The SQL Standard requires SERIALIZABLE to be the default isolation level, but (as we’ve seen) it rarely is. SERIALIZABLE should be an unimportant isolation level, but there is much confusion about it.
IBM | Long | Long | Long | N/A |
Microsoft | Long | Long | Long | N/A |
Oracle | N/A | Long | N/A | Long |
Chart: Duration for SERIALIZABLE.
This chart doesn’t really tell the whole story, since at this strong isolation level it isn’t enough to lock the item: the DBMS must also lock the path to the item. Now, if a table scan is underway, this is fairly simple: the DBMS can lock every page it reads, which happens to be all the pages. With an index lookup, more sophistication is possible. For example, if you look for name = ‘Smith,’ SQL Server will lock the key positions that just precede and just follow ‘Smith’ in the index — thus blocking any attempt to insert a new ‘Smith’ record or to change a ‘Jones’ record to a ‘Smith’ record.
Oracle operates differently. Let’s look at what this SQL statement implies for Oracle:
- Even at this level there are no Shared Locks, so for real serializability you must use the FOR UPDATE clause in all SELECTs.
- Oracle makes sure the row is the same as it was as of the last COMMIT, or as of the start of the transaction, whichever came first. In other words, versioning duration is long — therefore Phantoms are invisible.
There is a curious situation here. The SQL Standard says that the SERIALIZABLE isolation level must be truly serializable — that is, no phenomena of any kind are permissible. But for the SET TRANSACTION ISOLATION LEVEL SERIALIZABLE statement, the Standard says specifically that only the three phenomena (Dirty Read, Non-repeatable Read, Phantom) are not permissible. By implication, other phenomena are permissible. I have concluded that a multi-versioning DBMS conforms to the Standard’s requirements (as Oracle claims to do) even if not all transactions are SERIALIZABLE in the ANSI/ISO SQL sense of the word.

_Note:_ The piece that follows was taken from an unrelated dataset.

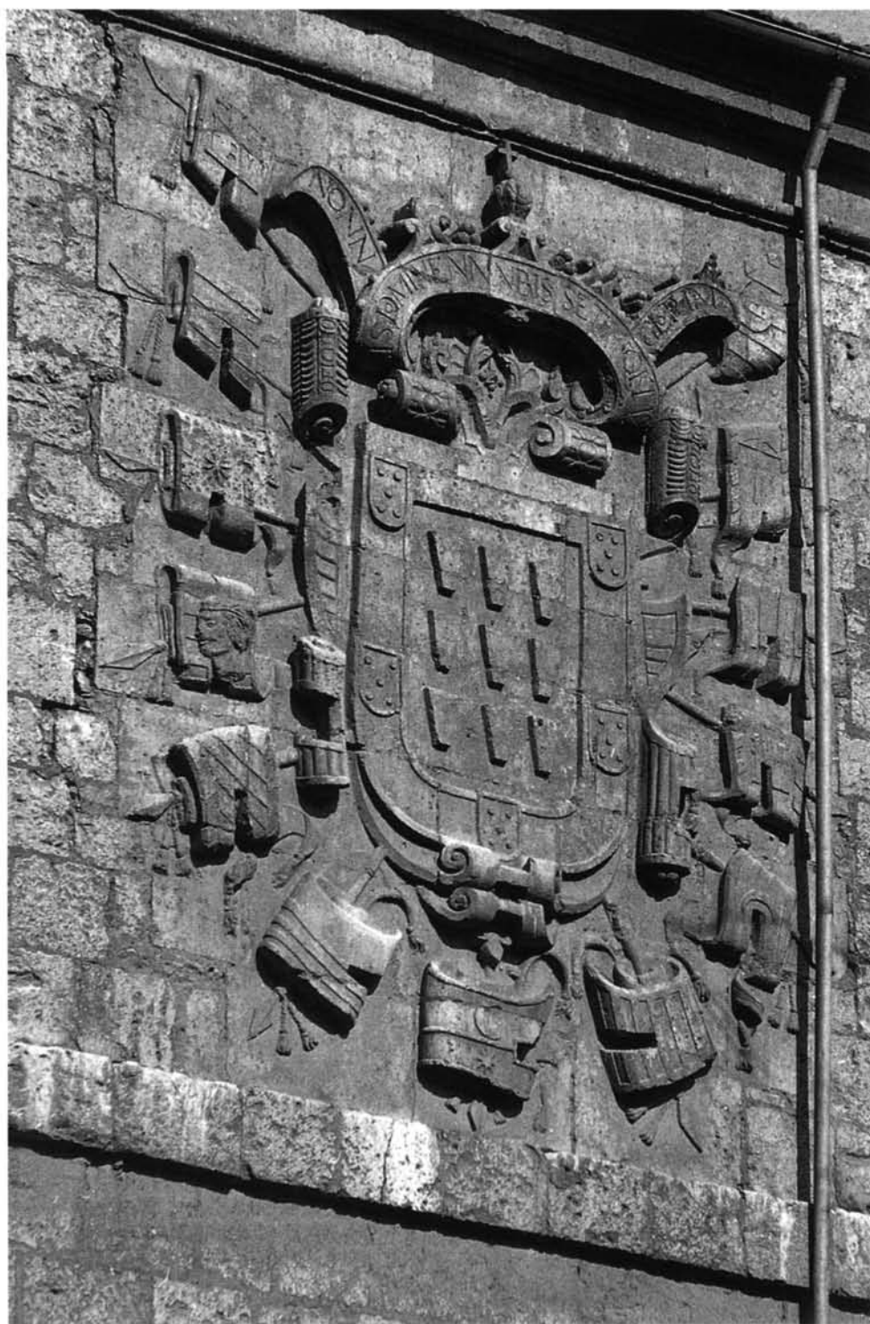
Valladolid. Iglesia de San Benito el Viejo. Escudo del Conde de Gondomar en la fachada de levante.

In general, DB2 and SQL Server do the following:
- They do almost no locks for READ UNCOMMITTED.
- They do short read locks and long write locks for READ COMMITTED.
- They do long read locks and long write locks for REPEATABLE READ.
- They do long read locks and long write locks, as well as some path locking, for SERIALIZABLE.
In general, Oracle does the following:
- It does Update Locks for READ COMMITTED and versioning “as of” the time the statement started.
- It does Update Locks for SERIALIZABLE and versioning “as of” the time the transaction started.
Therefore you should keep this in mind:
With Oracle, it’s necessary to execute a SELECT ... FOR UPDATE statement to ensure you’ll get an Update Lock early and thus prevent anomalies. With DB2 and SQL Server, the FOR UPDATE clause is not strictly necessary, but does help to avoid deadlocks.
In DB2 and SQL Server circles, it’s considered necessary to COMMIT transactions as quickly as possible. In Oracle circles, that advice is heard less frequently.
Peter Gulutzan is the co-author of one thick book about the SQL Standard (SQL-99 Complete, Really) and one thin book about optimization (SQL Performance Tuning). He has written about DB2, Oracle, and SQL Server, emphasizing portability and DBMS internals, in previous dbazine.com articles. Now he has a new job: he works for the “Number Four” DBMS vendor, MySQL AB.
It is silly to reserve space in database pages, which are by definition persistent, for data about locks, which are by definition transient.
I guess that Oracle do it so that they can spread processing over multiple machines (i.e. RAC). Although you could use a distributed memory model (using remote procedure calls etc), it would be more scaleable to put the lock data on the database record.